SOLR-17855: Remove Dropwizard dependency from core#4404
Conversation
mlbiscoc
left a comment
There was a problem hiding this comment.
There are a few things to note:
- The
OVERSEERSTATUSapi no longer including rates, percentiles and timing information. Only requests and error info. If we still care about this overseer info, I can properly collect to OTEL and have it exposed via our metrics api and OTLP instead. - Dropwizard
metrics-core:3.2.5is still being pulled in places where we embed ZooKeeper which is Solrs testing framework.
dsmiley
left a comment
There was a problem hiding this comment.
Note that Solr has RTimer, which maybe might be an adequate substitute in some places where you removed stuff completely?
I'm okay with losing some metrics relating to the Overseer. Someone can invest in bringing it back if they so please. I'm more okay with this, I admit, because I want folks to disable the Overseer instead ;-)
It'll be very necessary to add to major-changes-in-solr-10.adoc here on metrics that have disappeared.
| scheduledExecutor.shutdown(); | ||
| } else { | ||
| log(meter.getCount() + " docs at " + meter.getMeanRate() + " doc/s"); | ||
| double rate = count / ((System.nanoTime() - meterStartNanos) / 1e9); |
There was a problem hiding this comment.
I'd prefer to see something that requires less trust in the time math as a code reviewer... like some JDK API calls to produce a readable equivalent.

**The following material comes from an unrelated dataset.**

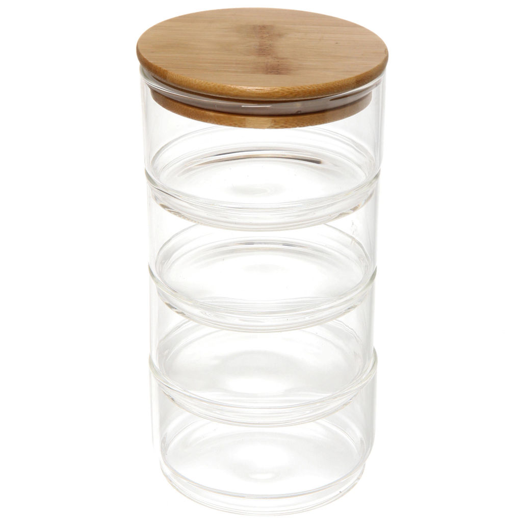 Банка для продуктов стеклянная "Хай-Тек" в наборе 4*400мл с бамбуковой крышкой 11*6см

There was a problem hiding this comment.
if we wanted to bring back such timings, I'd rather it be done with annotations similar to tracing @WithSpan. Alas, OTEL has no metric equivalent, which would be for something more light-weight that isn't span-worthy. I think talking to ZK is span-worthy as it's another process/system, albeit it's so fast that someone would typically prefer to disable such. Ideally Spans would have levels like logging but they don't; people have proposed it. I did see this interesting development, which is somewhat related as it allows disabling spans for an entire "scope".
|
@mlbiscoc I think we may be able to elminate JettySolrRunnerWithMetrics as well... I poked around and it appears that it is no longer used in testing, it exists for two classes, but isn't actively used in the asserts, it just sits there... I played around a bit and got this patch file: |
I took a look and applied it to this PR. I think it's worth adding. The jetty metrics were essentially a no-op in 10 at this point anyways. |
| @@ -0,0 +1,9 @@ | |||
| title: Remove Dropwizard Metrics as a direct Solr dependency. The `OVERSEERSTATUS` response no longer includes per-operation timing metrics or queue stats; success/error counts are preserved. | |||
There was a problem hiding this comment.
We can also advise that tracing is a substitute for per-operation metrics.
| } | ||
|
|
||
| private static void logIndexingRate(long docCount, long startNanos) { | ||
| long elapsedMs = TimeUnit.NANOSECONDS.toMillis(System.nanoTime() - startNanos); |
There was a problem hiding this comment.
as we're logging at docs per SECOND, why convert to milliseconds at an intermediate step? It's okay if we round to a whole number... docs/sec should be rather high anyway. It's also okay if you want to add a fraction.
|
|
||
| ==== Overseer Status Metrics Removed | ||
|
|
||
| The `OVERSEERSTATUS` Collection API response no longer includes per-operation timing metrics but per-operation `requests` and `errors` counts still exist. |
There was a problem hiding this comment.
mention that OTEL tracing can be used to get similar information indirectly
https://issues.apache.org/jira/browse/SOLR-17855
After migration to OTEL, dropwizard metrics are not used anymore for metrics collection but there were still a few references to it in solr-core. This removes those dropwizard instruments so we can get rid of the dependency from core but it is still needed in test-framework where we embed zookeeper.